# 3DS Version 10.5 Homebrew and 10.6 Downgrade



## nolimits59 (Mar 8, 2016)

SonyUSA said:


> Smea hinted on twitter that yellows8 may have a solution for 3DS/N3DS users up to version 10.5 for Homebrew, and they recommend you DO NOT update to 10.6:
> 
> https://twitter.com/smealum/status/707289683277930496
> https://gist.github.com/yellows8/bf5951ba343e70b96e44
> ...





http://gbatemp.net/threads/possible-arm11-kernel-hack-on-10-5.417880/

Wasn't that the forum talked about yesterday ? About the GBAtemp members who updated memchunkhax2 to work on 10.5 and 10.6 ?


----------



## Deleted member 373057 (Mar 8, 2016)

nolimits59 said:


> http://gbatemp.net/threads/possible-arm11-kernel-hack-on-10-5.417880/
> 
> Wasn't that the forum talked about yesterday ? About the GBAtemp members who updated memchunkhax2 to work on 10.5 and 10.6 ?


Only works on o3DS atm.


----------



## VinsCool (Mar 8, 2016)

The donwgrade worked perfectly in my end


----------



## SonyUSA (Mar 8, 2016)

Minnow said:


> Only works on o3DS atm.



No, it works on N3DS now, too :3


----------



## VinsCool (Mar 8, 2016)

SonyUSA said:


> No, it works on N3DS now, too :3


Indeed. Downgrading my second N3DS as we speak


----------



## Deleted member 373057 (Mar 8, 2016)

SonyUSA said:


> No, it works on N3DS now, too :3


Oh. I haven't been following the thread as of late, my bad.


----------



## Neru (Mar 8, 2016)

Another brick wave incoming?


----------



## SonyUSA (Mar 8, 2016)

Neru said:


> Another brick wave incoming?



There was never a brick wave in the first place


----------



## Deleted User (Mar 8, 2016)

SonyUSA said:


> There was never a brick wave in the first place


Wasn't Gateway making more bricks than usual at one point though?


----------



## Neru (Mar 8, 2016)

SonyUSA said:


> There was never a brick wave in the first place


I could be wrong, downgrading is probably more stabilized now


----------



## PaBo (Mar 8, 2016)

Jack54782 said:


> o fuck here come the noobs



says someone, who lists his "gaming pc" as "Gaming PC Windows 10 1TB 8GB RAM" ...


----------



## JustAKirby (Mar 8, 2016)

I genuinely fell sorry for Nintendo.
(wont stop me from hacking though )


----------



## AileenLumina (Mar 8, 2016)

SonyUSA said:


> There was never a brick wave in the first place


It's rather a n00b wave

But they're taking longer than usual. Are they waiting for something?


----------



## VinsCool (Mar 8, 2016)

Neru said:


> Another brick wave incoming?


No brick reported so far from all the people (including myself) who tried it.

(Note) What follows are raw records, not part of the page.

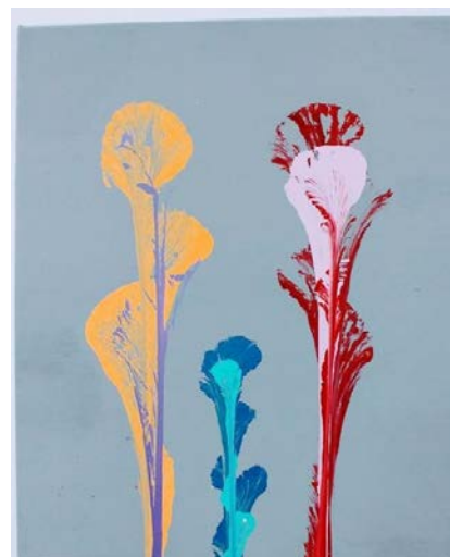
Bach in D Minor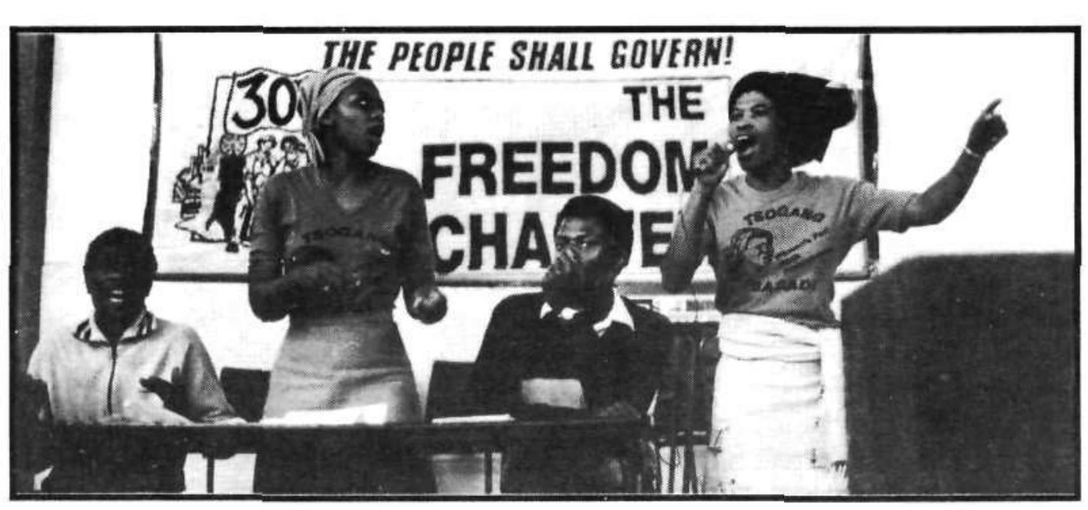
The Hospital Committee has formulated its demands around the Freedom Charter

From the above it is clear that the present health services are grossly inadequate and in a crisis situation.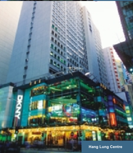
Hang Lung Centre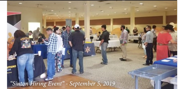
"Sinton Hiring Event" - September 5, 2019

August 27-28, 2019 - Thousands of job seekers showed up for the Corpus Christi Army Depot (CCAD) Hiring Event at the Sunrise Career Center on August 27th. Over 3,500 job seekers were interviewed with many receiving job offers on-site during this 2 day event.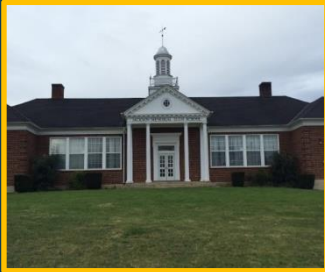
Jackson Memorial Elementary School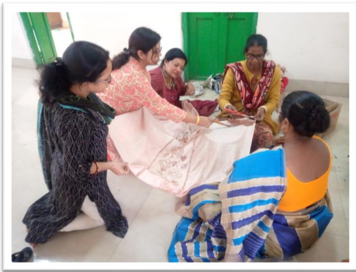
Advance Training Programme on Batik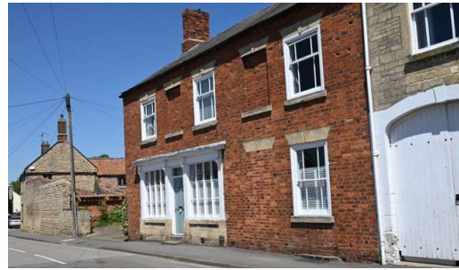
Examples of houses along The High Street (from Market Square)

The High Street runs north towards the junction with Tanner's Lane and Irnham Rd. Some stretches are narrow and enclosed with houses built close to the road, and other stretches (particularly at its northern end) are more open. The continuity of the street is interrupted by 20 th century developments (for example Barleycroft), and there are modern infills and barn conversions behind the traditional buildings lining the street. The west side of the high street has mainly small-scale buildings, typically arranged in small terraces or pairs of semidetached cottages. The houses on the east side are larger with generous rear gardens and are typically detached or semi-detached.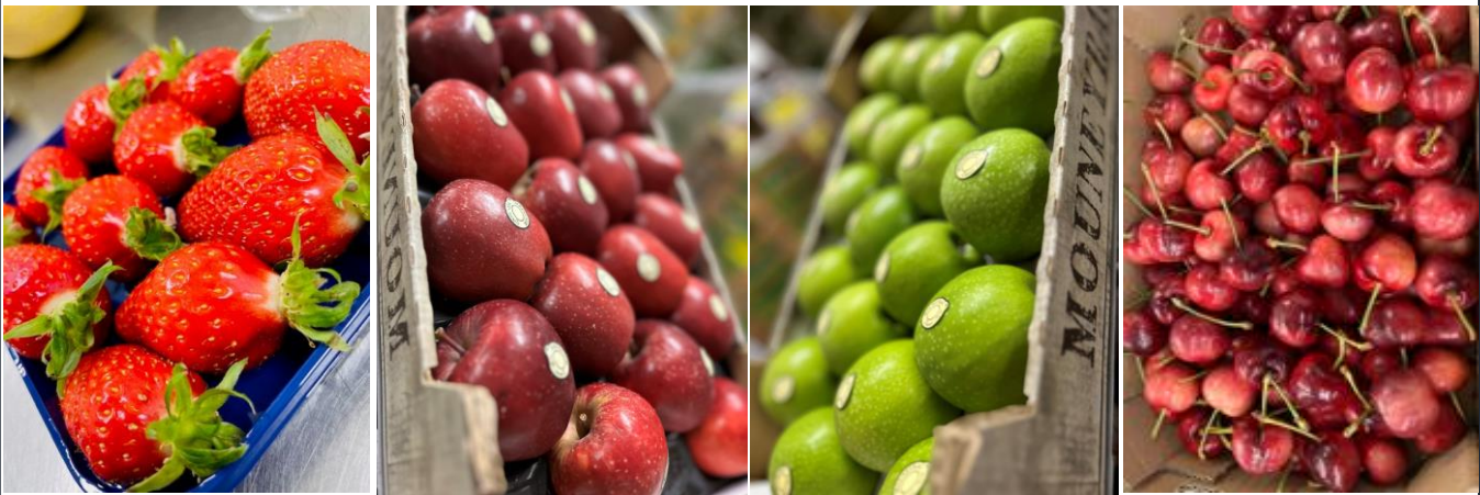
Garigette Strawberry, Red Delicious & Granny Smith Mouneyrac Apple and Spanish Organic Cherry.

It worked perfectly. It seems even more stable compared to the previous memchunkhax2 version!


----------



## Tacosaregood (Mar 8, 2016)

Guys I leaked the changelog for the next update.


----------



## EarlAB (Mar 8, 2016)

Meh. My 3DS is already on 9.2 but the battery is fucked so I'm going to use it as a flashlight for now.


----------



## marcur1995 (Mar 8, 2016)

hey all, just first time trying this, i have been searching... and i downloaded 2 files:sysUpdater.3dsx and sysUpdater.smdh
Also want to say that i never touched my 2ds to do this kind of thinks so i guess its important to know and also the docnumets are for the 10.6 to 9.2 version.
what i have to do next? 
srry bad english, eny link video its ok.


----------



## viral777 (Mar 8, 2016)

Jack54782 said:


> o fuck here come the noobs


And how is that a problem? Bringing in new members, letting ask questions is only going to bring a benefit to this website. The more population the better. No more "Muk sekret club"


----------



## ric. (Mar 8, 2016)

viral777 said:


> And how is that a problem? Bringing in new members, letting ask questions is only going to bring a benefit to this website. The more population the better. No more "Muk sekret club"


That's hardly the problem. 
The problem comes when we get swarmed with noobs who expect to be spoonfed and can't be bothered to read the rules and do research on their own. Instead they spam the forums with useless threads about downgrades or piracy,  filling up the home brew development section with nothing but pointless garbage when there's already a noob paradise thread.


----------



## jimmyleen (Mar 8, 2016)

Tacosaregood said:


> Guys I leaked the changelog for the next update.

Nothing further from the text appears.